I grew up around spiders. My grandfather built the house in 1921, complete with a damp musty cellar in which we stored, among other things, firewood. That corner of the cellar was the domain and realm of the so-called “wood spiders,” hairy and fast-moving and about the size of a medium-sized mouse. Apropos of nothing, my mother named these spiders, collectively, “Alice.” As in, “please go stoke the fire, but watch out for Alice.” We learned early on to either wear thick gloves when picking up firewood or kick the piece in question around a bit before grabbing it. Or maybe both.
The other spider on the radar is and was the Black Widow. The females are the bigger of the two sexes, with a red hourglass shape on their bellies. You almost never see the males because they are either dead or running for their lives. Anyway, their venom is rarely lethal, but they do pack a wallop. As my Dad would say, “First, you are afraid you are going to die. Then, you are afraid you aren’t.” These spiders were usually outside under things like rocks or that old cast ironed cook pot that had been upside down in the back pasture since before I was born. You never, never stuck your hand under anything like that. As my sister Laura said when her kids were small, “Be careful of black-and-red spiders.”
So why am I still so viscerally afraid of spiders? A book* I read offered an explanation. The author used the phrase “long-legged, low-bodied, scuttling arthropod,” and if that won’t visit your dreams, I don’t know what would. Anyway, our ancestors may have hung out on the beach for a few thousand millennia, during which time and place there were outsize arthropods threatening their children to the extent that a phobia of the same became branded into their DNA. Sounds as reasonable as any explanation I’ve heard yet.
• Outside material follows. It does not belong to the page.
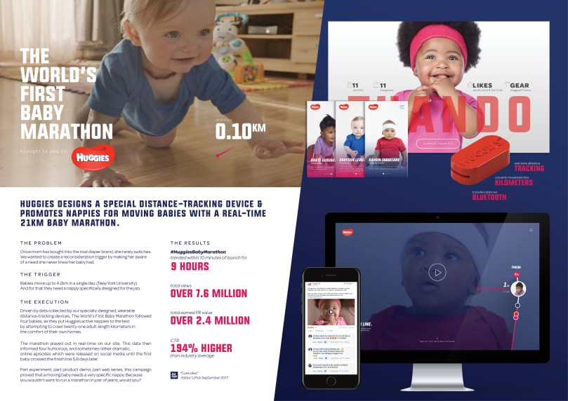 Babies move way more than their parents realise – over 3km*(New York University) in a single day. In order to truly put the comfort and fit of Huggies® diapers to the test, and simultaneously prove just how much babies actually move, our babies were fitted with distance-tracking ‘Thingiemabobs’ and given an audacious goal: 21 adult-length kilometers.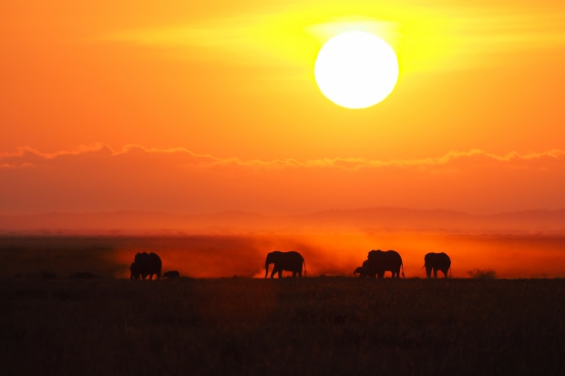 On a morning game drive in the Amboseli National Park in Kenya, the sunrise through the fine dust cast a red glow across the plains. As we edged forward on the road, appreciating the sunrise, a small herd of elephants appeared in silhouette over the shallow rise, the herd raising more dust as they kicked at the roots of plants on their morning feed. The contrast was compelling: of colour and silhouette; and of the drama of the colour and peaceful feeding amble of the elephants.

Anyway, I don’t kill spiders. This is not benevolence toward my fellow creatures. Rather, it is a genuflection to the powers of the darkness. What I do is this: I trap them in a cup (clear, so I can see what they are doing) and slide stiff cardboard up the rim. Then I take the whole apparatus outside and let the monster fly free. That way, the fragile shell that holds the night terrors at bay remains intact. That, and spider-kind might decide, at some future contingency, to give me a free pass.
*The Descent of Woman by Elaine Morgan.
There was also something I termed the “spider shriek.” Now if you are in the house and you hear your mom scream, you will come running to help. Unless you recognize it as the sound one would make when walking up the basement steps with an armload of wood, and suddenly notice Alice sitting on your arm.
That would be a very special shriek, indeed.